*** Opening Entries supplied ***
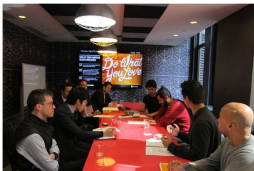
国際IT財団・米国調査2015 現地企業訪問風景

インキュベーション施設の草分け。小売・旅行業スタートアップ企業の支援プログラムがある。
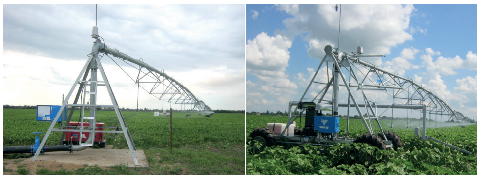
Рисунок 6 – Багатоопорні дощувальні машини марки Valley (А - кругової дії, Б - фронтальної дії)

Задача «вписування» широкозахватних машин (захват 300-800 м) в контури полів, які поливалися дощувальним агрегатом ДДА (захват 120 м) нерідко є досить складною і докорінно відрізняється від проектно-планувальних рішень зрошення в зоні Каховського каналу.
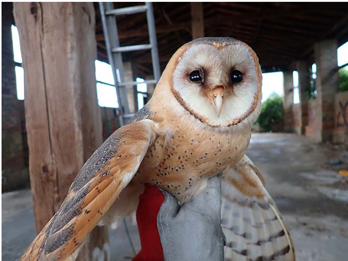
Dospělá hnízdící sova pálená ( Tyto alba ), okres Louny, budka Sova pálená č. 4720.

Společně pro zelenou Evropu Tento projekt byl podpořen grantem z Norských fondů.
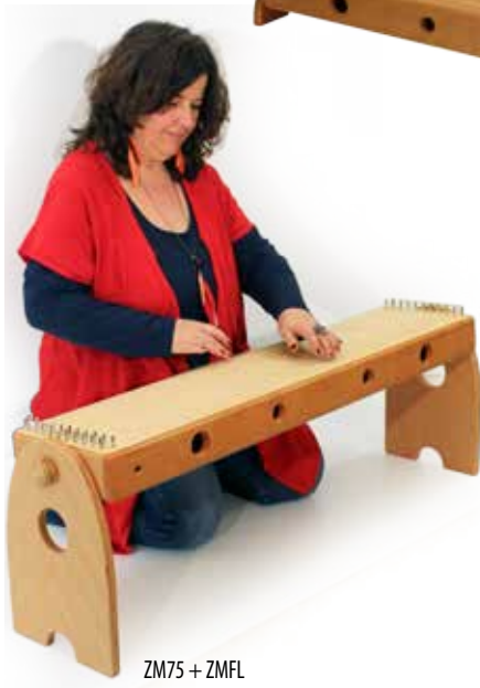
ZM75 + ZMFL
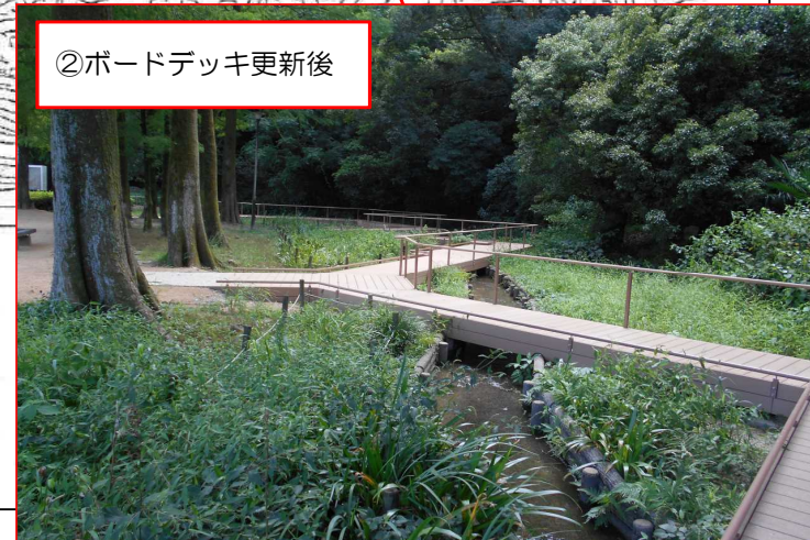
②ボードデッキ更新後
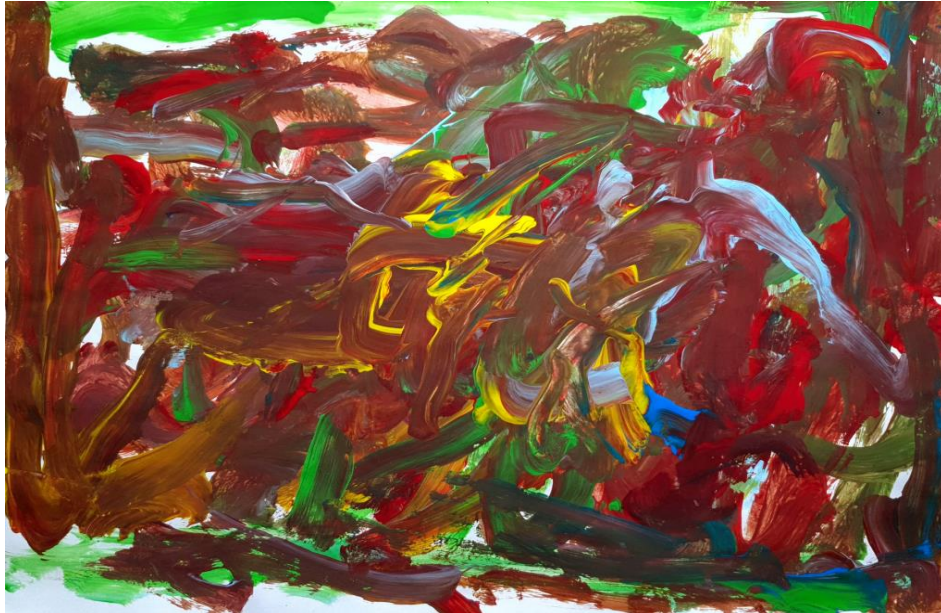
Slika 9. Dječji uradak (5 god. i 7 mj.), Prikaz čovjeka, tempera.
*** Closing Entries supplied ***
◆ Task requirements
Repeat the material above exactly; any picture in it is left out.

◆ Written response
国際IT財団・米国調査2015 現地企業訪問風景

インキュベーション施設の草分け。小売・旅行業スタートアップ企業の支援プログラムがある。
Рисунок 6 – Багатоопорні дощувальні машини марки Valley (А - кругової дії, Б - фронтальної дії)

Задача «вписування» широкозахватних машин (захват 300-800 м) в контури полів, які поливалися дощувальним агрегатом ДДА (захват 120 м) нерідко є досить складною і докорінно відрізняється від проектно-планувальних рішень зрошення в зоні Каховського каналу.
Dospělá hnízdící sova pálená ( Tyto alba ), okres Louny, budka Sova pálená č. 4720.

Společně pro zelenou Evropu Tento projekt byl podpořen grantem z Norských fondů.
ZM75 + ZMFL
②ボードデッキ更新後
Slika 9. Dječji uradak (5 god. i 7 mj.), Prikaz čovjeka, tempera.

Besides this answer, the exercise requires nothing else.